- **Assignment**
The result should be the listing below, restated exactly, with its pictures left out.

- **Supplied data**
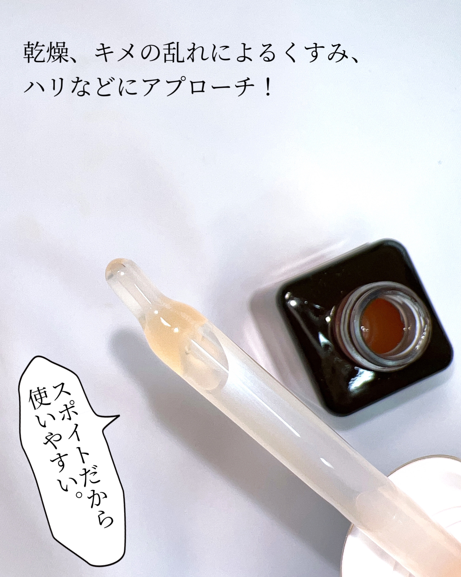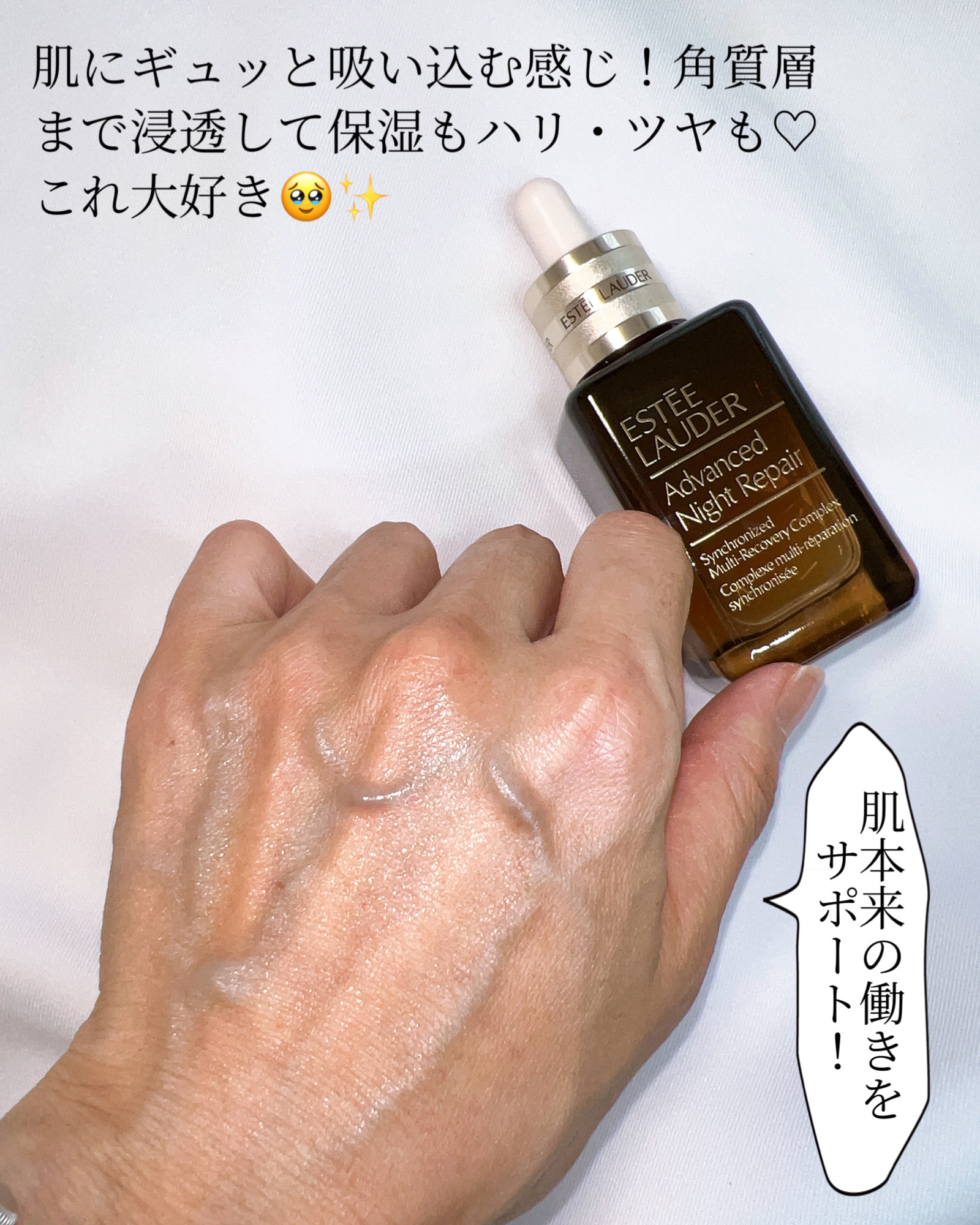 とろっとしたテクスチャー。とろみはあるけど、馴染ませるとサラッとして、ベタつきにくかったです。しっとりして、いつもよりハリがあるように感じました。 昼は乾燥などの外的要因から肌を守り、夜はダメージをケアしてくれるそうです。
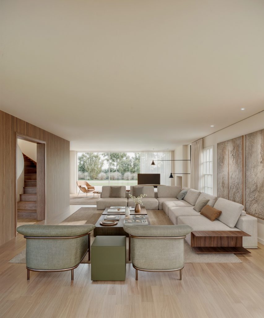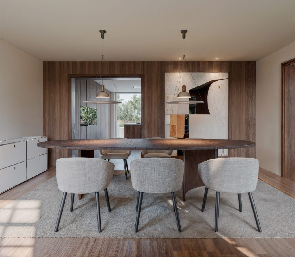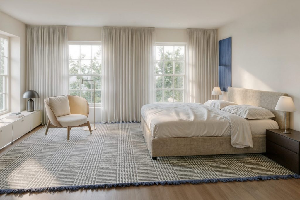 Proyecto integral de interiorismo y decoración en Chicago, concebido para una familia con necesidades funcionales y estéticas muy definidas. El mobiliario fue seleccionado cuidadosamente para dotar cada espacio de personalidad, confort y coherencia visual. En el salón, comedor y sala de estar se trabajó con piezas de líneas puras y tonos neutros, buscando crear un entorno acogedor y atemporal.
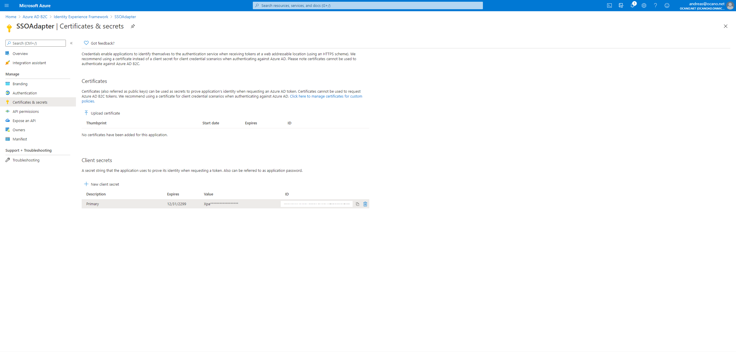 I set the client secret to never expire. In a production environment, you should consider setting an expiration date.
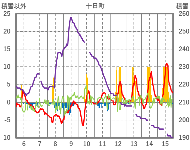 | 日 | 時 | 気温 | 降水 | 風向/風速 | 日照 | 積雪 | 降雪 |

- **Written solution**
 とろっとしたテクスチャー。とろみはあるけど、馴染ませるとサラッとして、ベタつきにくかったです。しっとりして、いつもよりハリがあるように感じました。 昼は乾燥などの外的要因から肌を守り、夜はダメージをケアしてくれるそうです。
 Proyecto integral de interiorismo y decoración en Chicago, concebido para una familia con necesidades funcionales y estéticas muy definidas. El mobiliario fue seleccionado cuidadosamente para dotar cada espacio de personalidad, confort y coherencia visual. En el salón, comedor y sala de estar se trabajó con piezas de líneas puras y tonos neutros, buscando crear un entorno acogedor y atemporal.
 I set the client secret to never expire. In a production environment, you should consider setting an expiration date.
 | 日 | 時 | 気温 | 降水 | 風向/風速 | 日照 | 積雪 | 降雪 |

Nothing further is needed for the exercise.